Living Systems_

How to align columns in the terminal

In bioinformatics we are handling a lot of tabular data. Be it VCF files, tabular Blast output, or just creating a CSV or TSV samplesheet.

Actually, one of my favorite tabular formats is by using SeqKit to convert Fasta or FastQ files to tabular format, as this allows to do various filtering operations by row, using standard unix tools if so wished.

Scrolling through this type of data in the terminal can be messy to say the least though.

Although CSVs can of course be imported into a spreadsheet software for viewing, it would be very powerful to be able to view them comfortably right from the terminal, isn’t it?
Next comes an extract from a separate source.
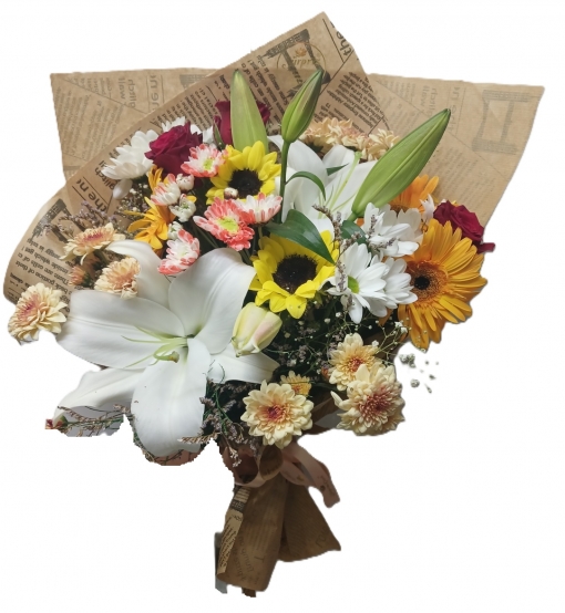 Bu özel karışık çiçek buketi, sevdiklerinize mutluluk ve renk katmak için özenle hazırlanmıştır. Bukette ayçiçeği, beyaz lilyum, gerbera, papatya, mevsim çiçekleri ve gül çeşitleri bir araya getirilerek şık bir ambalajla sunulmaktadır. Hem zarif hem de enerjik görünümüyle doğum günü, sevgililer günü, evlilik yıldönümü, özel kutlamalar ve tebrik amaçlı hediye edilebilecek en anlamlı çiçeklerdendir.

To take one example that fits within the code window of a blog post, let’s take a selected set of columns from the CSV output from the Mykrobe tool. And to make it emulate another common problem with many csv formats, let’s also use tr to convert the _:s in the headers into real spaces (Mykrobe does not do this, but many other tools do):

$ cat SOME_SAMPLE.csv | cut -d, -f 2,3,10,14,15,17,18 | tr '_' ' ' > selection.csv
$ cat selection.csv
"drug","susceptibility","kmer size","phylo group per covg","species per covg","phylo group depth","species depth"
"Amikacin","S","21","99.672","98.428","372","347"
"Capreomycin","S","21","99.672","98.428","372","347"
"Ciprofloxacin","S","21","99.672","98.428","372","347"
"Delamanid","S","21","99.672","98.428","372","347"
"Ethambutol","S","21","99.672","98.428","372","347"
"Ethionamide","S","21","99.672","98.428","372","347"
"Isoniazid","R","21","99.672","98.428","372","347"
"Kanamycin","S","21","99.672","98.428","372","347"
"Levofloxacin","S","21","99.672","98.428","372","347"
"Linezolid","S","21","99.672","98.428","372","347"
"Moxifloxacin","S","21","99.672","98.428","372","347"
"Ofloxacin","S","21","99.672","98.428","372","347"
"Pyrazinamide","S","21","99.672","98.428","372","347"
"Rifampicin","S","21","99.672","98.428","372","347"
"Streptomycin","R","21","99.672","98.428","372","347"

As you can see, here it is really not that easy to even follow individual columns, much less link headers to columns.

To improve the situation here a bit, we can convert the commas to tabs, using the tr command:

$ cat selection.csv | tr "," "\t"
"drug"  "susceptibility"        "kmer size"     "phylo group per covg"  "species per covg"      "phylo group depth"     "species depth"
"Amikacin"      "S"     "21"    "99.672"        "98.428"        "372"   "347"
"Capreomycin"   "S"     "21"    "99.672"        "98.428"        "372"   "347"
"Ciprofloxacin" "S"     "21"    "99.672"        "98.428"        "372"   "347"
"Delamanid"     "S"     "21"    "99.672"        "98.428"        "372"   "347"
"Ethambutol"    "S"     "21"    "99.672"        "98.428"        "372"   "347"
"Ethionamide"   "S"     "21"    "99.672"        "98.428"        "372"   "347"
"Isoniazid"     "R"     "21"    "99.672"        "98.428"        "372"   "347"
"Kanamycin"     "S"     "21"    "99.672"        "98.428"        "372"   "347"
"Levofloxacin"  "S"     "21"    "99.672"        "98.428"        "372"   "347"
"Linezolid"     "S"     "21"    "99.672"        "98.428"        "372"   "347"
"Moxifloxacin"  "S"     "21"    "99.672"        "98.428"        "372"   "347"
"Ofloxacin"     "S"     "21"    "99.672"        "98.428"        "372"   "347"
"Pyrazinamide"  "S"     "21"    "99.672"        "98.428"        "372"   "347"
"Rifampicin"    "S"     "21"    "99.672"        "98.428"        "372"   "347"
"Streptomycin"  "R"     "21"    "99.672"        "98.428"        "372"   "347"

Well, now we at least can clearly follow individual columns. But the headers don’t align that well.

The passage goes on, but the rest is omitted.